Comment 5 Jeff Johnson 2007-01-14 13:26:56 UTC
This is fixed in rpm-4.4.7 (at least) and later.


Comment 6 Panu Matilainen 2007-08-09 18:53:26 UTC
Fixed upstream in rpm.org too now...

FC5 is EOL, changing version to devel.

Comment 7 Panu Matilainen 2007-08-14 08:42:47 UTC
Fixed in next rawhide push, thanks for the patch Jeff.

Comment 8 Richard W.M. Jones 2010-06-10 07:57:51 UTC
This bug is still present in the latest RPM.
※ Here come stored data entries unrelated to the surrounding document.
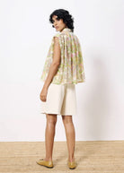 This sleeveless flowing blouse features a shirt collar and an exclusive print by FRNCH. When deciding between two sizes, it is recommended to choose the smaller size.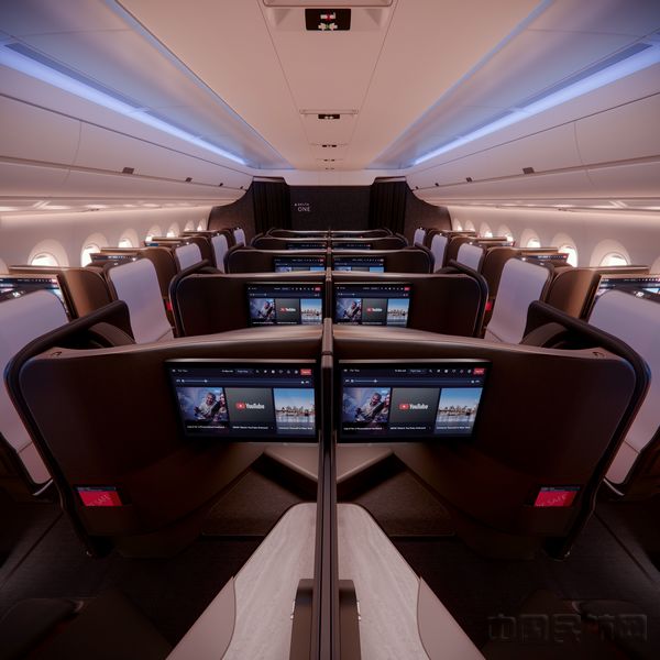 空客A350-1000客机上的新一代达美至臻商务舱套间采用了反鱼骨式布局,外侧座位面向舷窗,客舱中央相邻的套间则配备了滑动式窗板。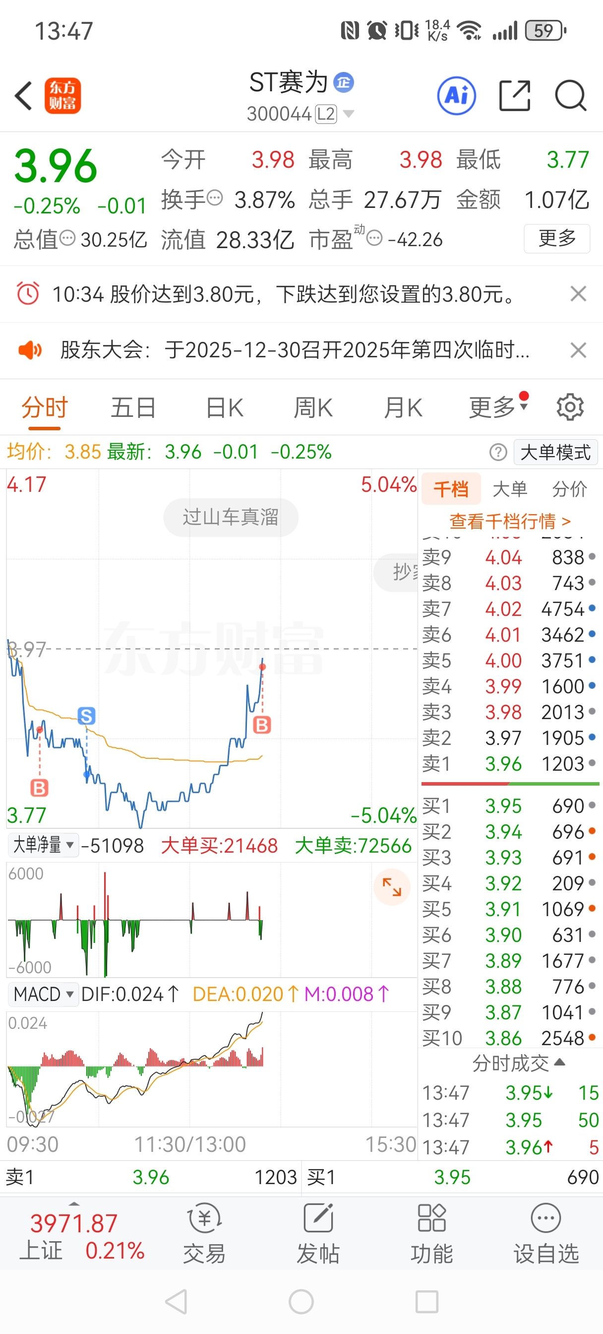 $ST赛为(SZ300044)$ 卖了就涨,又回来了,不知道对还是错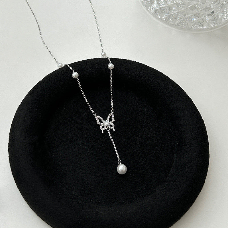 Butterfly & Pearl White Gold Necklace | Hypoallergenic Elegant Jewelry for Women | Wedding & Daily Luxury Gift

If an NFS mountpoint is inaccessible, then rpm -i does a stat(2) system
call which hangs.

I'm attaching two straces.  The first is from a successful run of rpm -i.  The
second is from a run of rpm -i where I have deliberately made an NFS
mountpoint unreachable.

Comment 9 Richard W.M. Jones 2010-06-10 07:59:11 UTC
Created attachment 422814 [details]
Successful run of rpm -i

Comment 10 Richard W.M. Jones 2010-06-10 07:59:51 UTC
Created attachment 422816 [details]
rpm -i hangs on stat when the NFS server is unreachable

Comment 11 Richard W.M. Jones 2010-06-10 08:00:38 UTC
RPM version 4.8.0-beta1

Comment 12 Panu Matilainen 2010-06-10 08:18:37 UTC
Dunno why you're using 4.8.0-beta1 at this point... 

Anyway, the issue has been really dealt with in rpm >= 4.8.0-8 in F13 and rawhide by only stat()'ing the filesystems the transaction will actually touch, so something like /home on NFS hanging wont cause rpm to hang unnecessarily.